— А почему? — спросила Клемантина, бросив на него почти сердитый взгляд.
— Вы требуете, чтобы я открыл вам тайну моего сердца, доверил то, что я скрываю даже от Адама, который думает, что я люблю только Польшу?
— Ах, вот как, у нашего благородного капитана есть тайна?
— Мне стыдно в ней признаться, но вы поймете и утешите меня.
— У вас есть тайна, в которой стыдно признаться?
— Да, я, граф Паз, безумно влюблен в девицу, которая разъезжает по всей Франции с семейством Бутор, содержателей цирка, вроде цирка Франкони, но их труппа подвизается только на ярмарках. При моем содействии их ангажировал директор Олимпийского цирка.
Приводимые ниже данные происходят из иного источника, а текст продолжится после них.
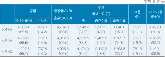 - 2019년 중 우리 나라에 공급된 재화와 서비스 총액은 4,935조 6천억원이며 그 중 85.7%(4,227조 8천억 원)는 국내생산으로 공급되고 나머지 14.3%(707조 8천억 원)는 수입을 통해 공급
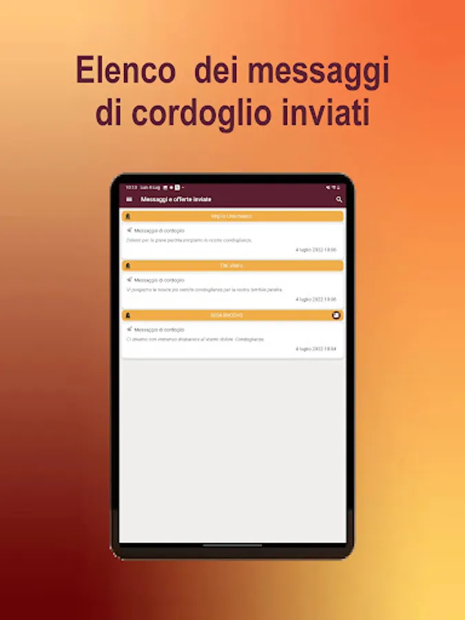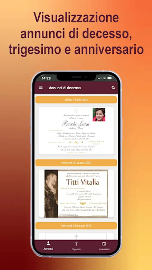 You will receive real-time notifications of those who have died today and you will be able to know all the useful information regarding the death and funeral, with a wide possibility of interaction with families affected by bereavement and with our funeral agency Onoranze Funebri Claudio Tilli, always in your service also in the field of media and technological innovation!

— Она хороша собой? — спросила графиня.
— Для меня хороша, — грустно ответил он. — Малага — под этим именем она выступает — сильная, ловкая, стройная девушка. Почему я предпочитаю ее всем дамам общества?.. По правде сказать, сам не пойму. Когда я вижу ее — эту ожившую греческую статую — в белой тунике с золотой каймой, в шелковом трико и потертых атласных балетных туфельках, когда я вижу ее схваченные голубой лентой черные волосы, рассыпавшиеся по обнаженным смуглым плечам, когда я вижу, как она с флажками в обеих руках под звуки военного оркестра на всем скаку прыгает через обруч, разрывая бумагу, а затем опять грациозно опускается на спину лошади, когда ей рукоплещут не клакеры, а весь зал, — да, при виде этого сердце мое трепещет.
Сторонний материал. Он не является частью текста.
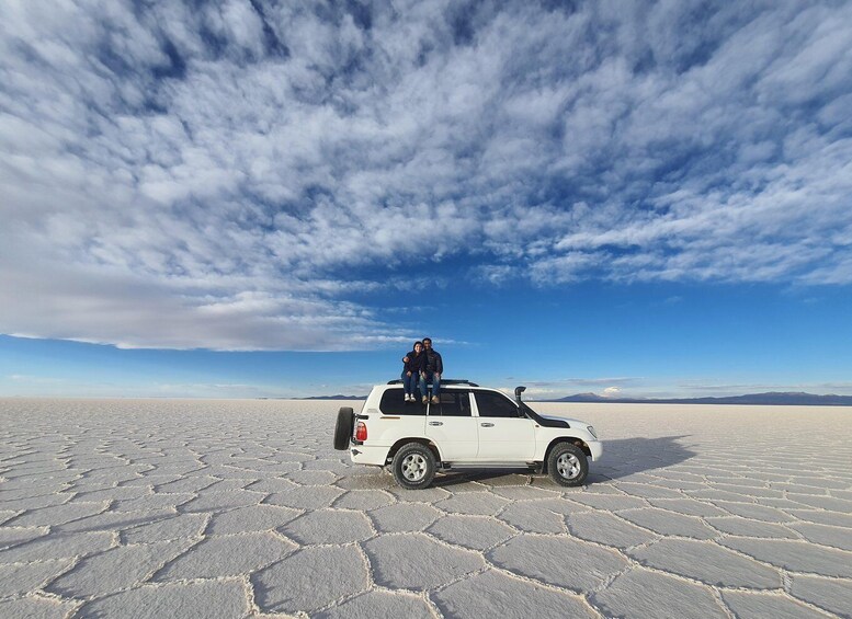 Möt din guide i Uyuni och påbörja ditt 3-dagars äventyr. Bege dig till tågkyrkogården, en kyrkogård full av övergivna tåg. Stanna till vid den lilla bosättningen Colchani, där saltgruvarbetare bodde, och handla hantverk av salt och textilkonst av lama- och alpackafibrer.

— Больше, чем при виде красивой дамы на бале? — спросила Клемантина с вызывающим удивлением.
— Да, — ответил Паз сдавленным голосом. — Что может быть прекраснее женщины, которая с восхитительной ловкостью и непередаваемой грацией непрестанно преодолевает опасность. Да, сударыня, Чинти и Малибран, Гризи и Тальони, Паста и Эслер, все бывшие и теперешние царицы сцены кажутся мне недостойными развязать ремень на сандалиях Малаги, — она на всем скаку прыгает с седла и снова вскакивает на него, она соскальзывает под брюхо лошади с левого бока и появляется с правого, она, словно белый блуждающий огонек, порхает вокруг самого горячего скакуна, она может стоять на цыпочках на одной ноге и при том же аллюре сразу опуститься на спину своего коня; мало того, она скачет на неоседланной лошади и при этом вяжет чулок, разбивает яйца и приготовляет яичницу, вызывая восхищение народа, подлинного народа, поселян и солдат! При параде всей труппы эта очаровательная Коломбина жонглировала раньше стулом, который держала на кончике своего прелестного греческого носика. Малага, сударыня, воплощенная ловкость. Она сильна, как Геркулес, и может ударом своего маленького кулачка или изящной ножки свалить трех-четырех мужчин. Словом, она богиня гимнастики.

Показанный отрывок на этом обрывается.